# DIRECTIONS
In the data below, the copy begins at the line containing "A page of Divan" and runs through the last line; repeat those lines exactly, minus the pictures.

# SUPPLIED MATERIAL
***

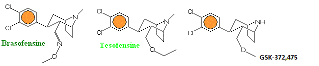 Brasofensine Tesofensine and Methoxymethyl analog.
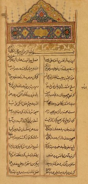 A page of Divan by Masih Kashani - 1614 more details in Persian)
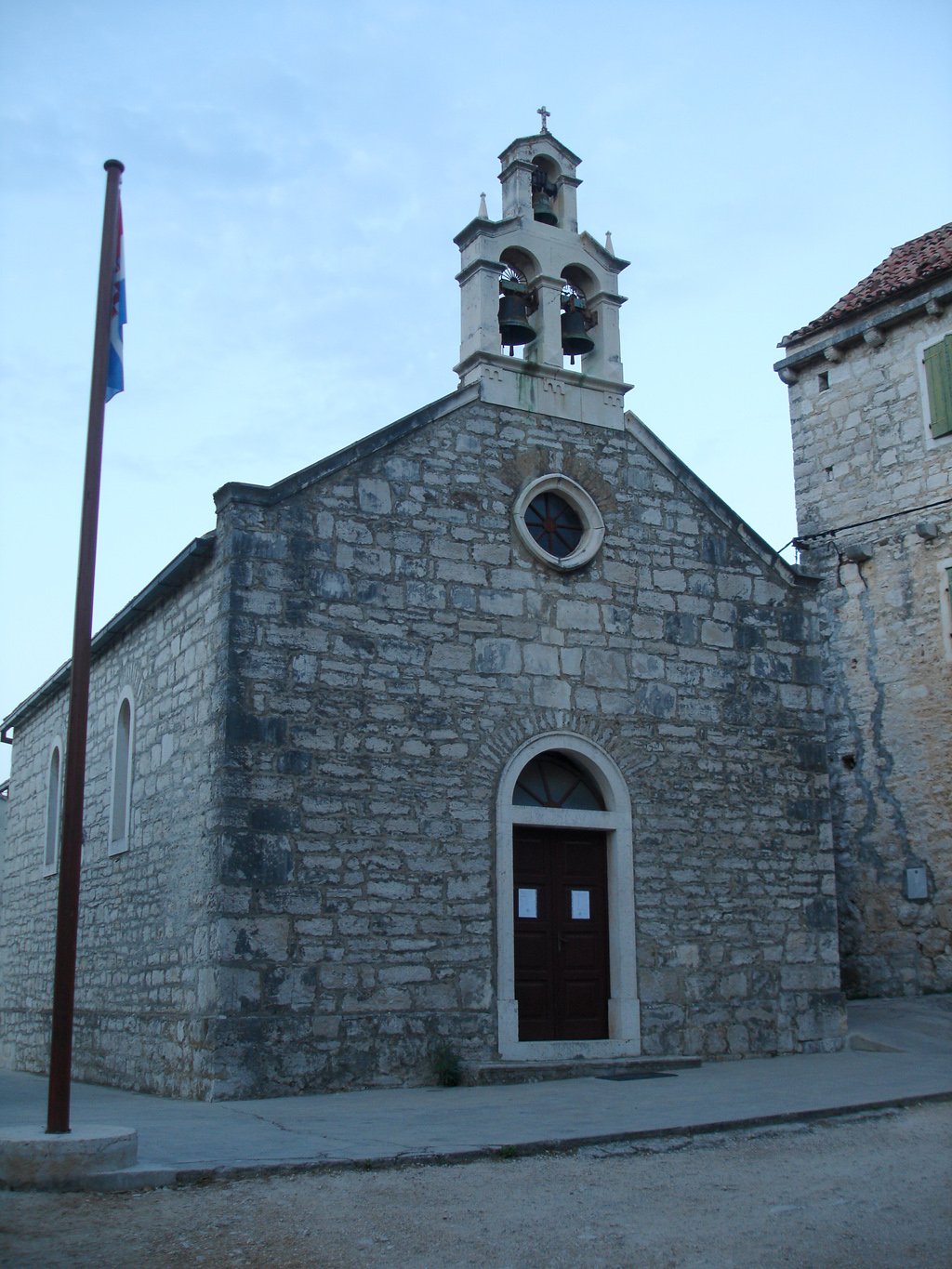 Church of Stomorska, island of Solta, Croatia.
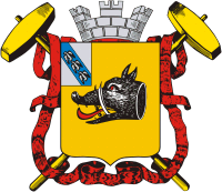 Rylsk (Kursk oblast), coat of arms (1893)
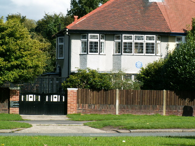 Mendips. "Mendips" on Menlove Avenue where John Lennon spent most of his childhood.
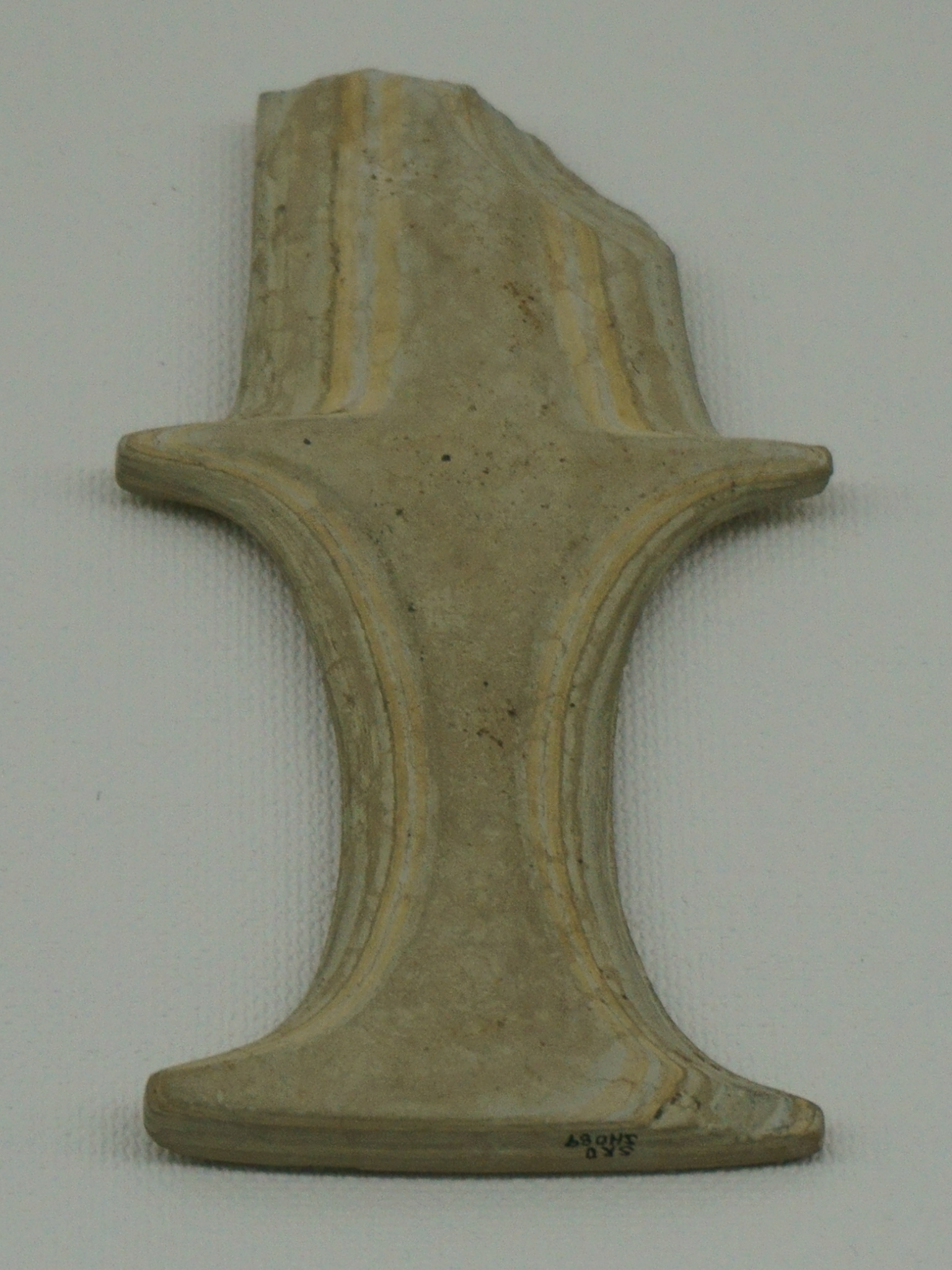 Polished stone dagger, existence handle type. Excavated from:Yoshinogari Site. Display:Exhibition room of Yoshinogari Site.

***

# OUTPUT FOR THIS TASK
 A page of Divan by Masih Kashani - 1614 more details in Persian)
 Church of Stomorska, island of Solta, Croatia.
 Rylsk (Kursk oblast), coat of arms (1893)
 Mendips. "Mendips" on Menlove Avenue where John Lennon spent most of his childhood.
 Polished stone dagger, existence handle type. Excavated from:Yoshinogari Site. Display:Exhibition room of Yoshinogari Site.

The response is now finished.